Incorporated UKOLN's eLib projects database, replacing the old "What's
on Martin's bookshelf" database. A minute's silence, please!
Fixed bug 2b3-001 - searching on non-ASCII characters wasn't working
even if people can type them into their browsers. It turns out that
Perl splitting on non-alphanumerics actually treats non-ASCII characters
as punctuation/whitespace.
Fixed bug 2b3-002 - various typographical errors in the sample HTML
distributed with the ROADS software.
Fixed bug 2b3-003 - bin/iafa_lint.pl failed to detect records without
a space between the attribute and the value as an error.
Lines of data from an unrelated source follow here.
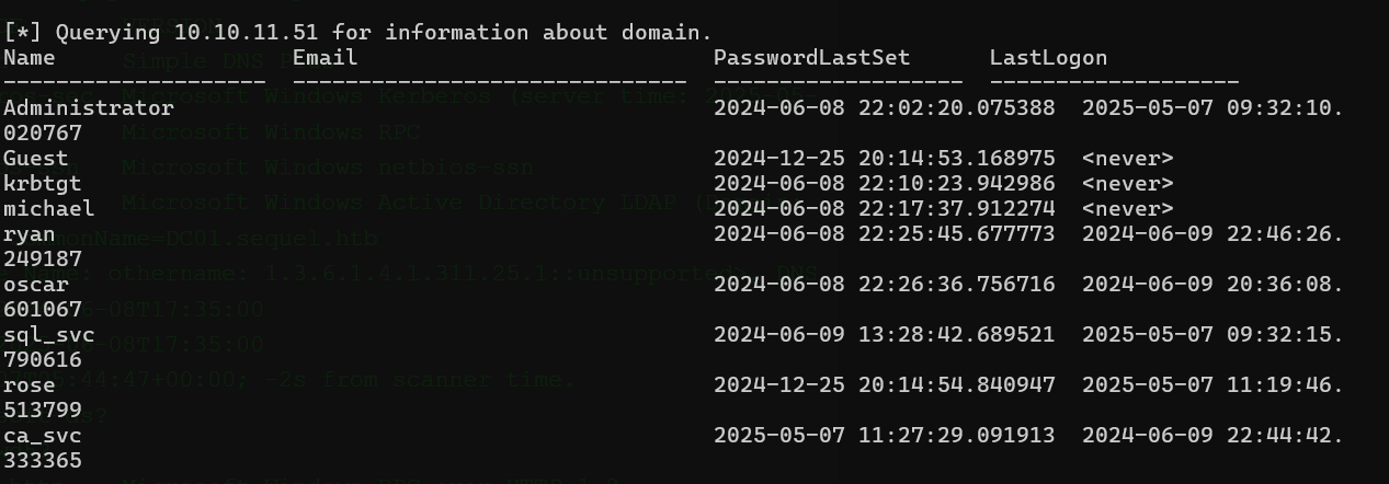 impacket-GetADUsers sequel.htb/rose:KxEPkKe6R8su -dc-ip 10.10.11.51 -all
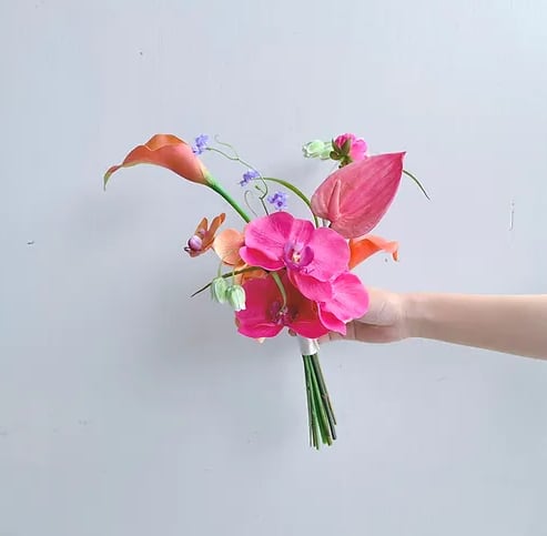 ビビットで濃いピンク・オレンジのお花でまとめた【造花】ブーケです。
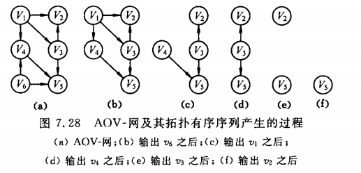 2、从图中删除该顶点和所有以它为尾的弧(此时可能会产生新的无前驱顶点)。
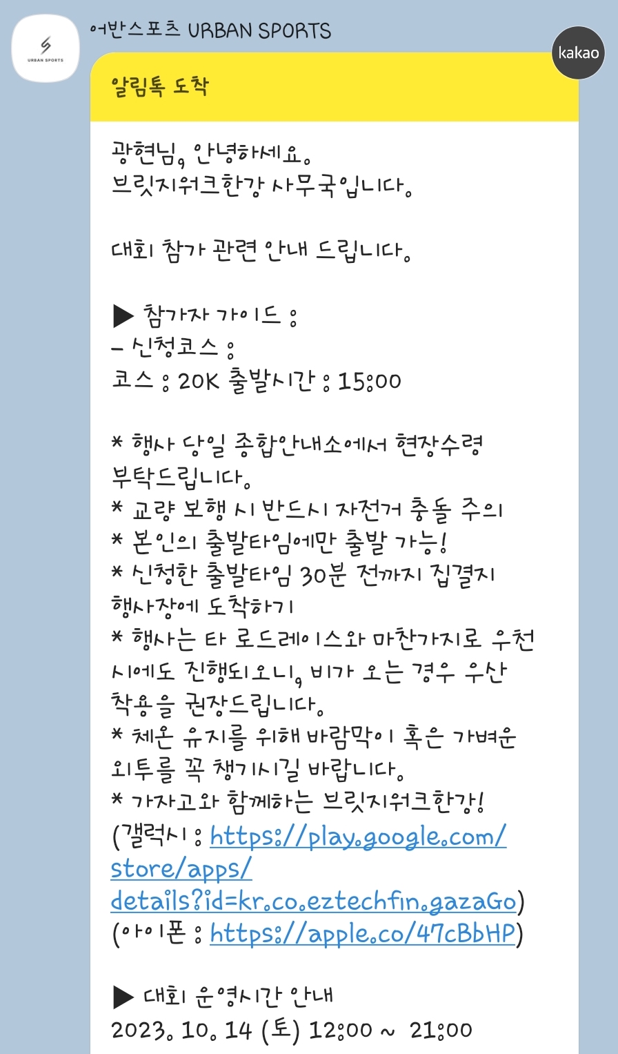 구매를 하게 되면 구매 관련 카톡이 오게 됩니다. 저는 햇빛이 조금 덜 한 15:00 출발로 선택했습니다.

Fixed bug 2b3-004 - bin/lc.pl didn't work with modern versions of
libwww-perl. You'll now *need* a modern version of libwww-perl to
make it work, so there! Incorporated code contributed by Bill Jupp for
reporting resources changed in the last N days - see the -w option in
the documentation.
Fixed bugs 2b3-005 and 2b3-006 - bin/cullsl.pl failed occasionally due
to a typo, didn't process the -l option properly, and didn't generate
an error message if invoked with a handle that doesn't correspond to an
actual record in the ROADS database.
Made the paths Configure uses to make a symlink from cgi-bin/search.pl
to admin-cgi/admin.pl absolute rather than relative. What we did
before failed in some circumstances.
Renamed bin/centrix.pl (Harvest centroid extraction program) to
bin/harvest_centroid.pl.
Renamed bin/newi.pl (Z39.50 centroid extraction program) to
bin/z3950_centroid.pl.
Renamed bin/wpp_shim.pl (WHOIS++ to Harvest application level gateway)
to bin/harvest_shim.pl.
Renamed bin/wpp_z39shim.pl (WHOIS++ to Z39.50 application level gateway)
to bin/z3950_shim.pl.
Minor tweaks to the ROADS CSS stylesheet to improve overall look and
feel.
Modified the sample "complex" search form to illustrate how to do
dynamic browsing of subject categories (subject-descriptor fields) using
cgi-bin/search.pl. Minor changes to various of the sample config files
to support this.
Made installation of the sample database optional - if you haven't got
a source directory already, you'll be asked whether you want the sample
one.
Removed the old German "translation" of our HTML messages - apparently
we didn't do a very good job! Volunteers sought for translations into
other languages: translate the messages from the original originals,
and get a namecheck in the credits when they're incorporated in a
ROADS release.
Tweaked the embedded POD documentation to fix compatibility problems
with some of the pod2x utilities - e.g. don't use formatting on the
synopsis section.
# v2b3 - Monday July 20th 1998 ########################################
cgi-bin/redirect.pl now supports automatic redirection to mirror
sites, based on a list of URL prefixes and mirror sites held in the
ROADS config directory. Do a "perldoc cgi-bin/redirect.pl" for more
information.
Fixed bug 2b1-003 (carried over from beta 1) - editing the Trusted
Information Provider access control list had no effect under some
circumstances.
Grouping of attributes and values to search for on the combined
attribute/value pair combo boxes in cgi-bin/search.pl didn't work
properly if you typed multiple terms into the "value" input box.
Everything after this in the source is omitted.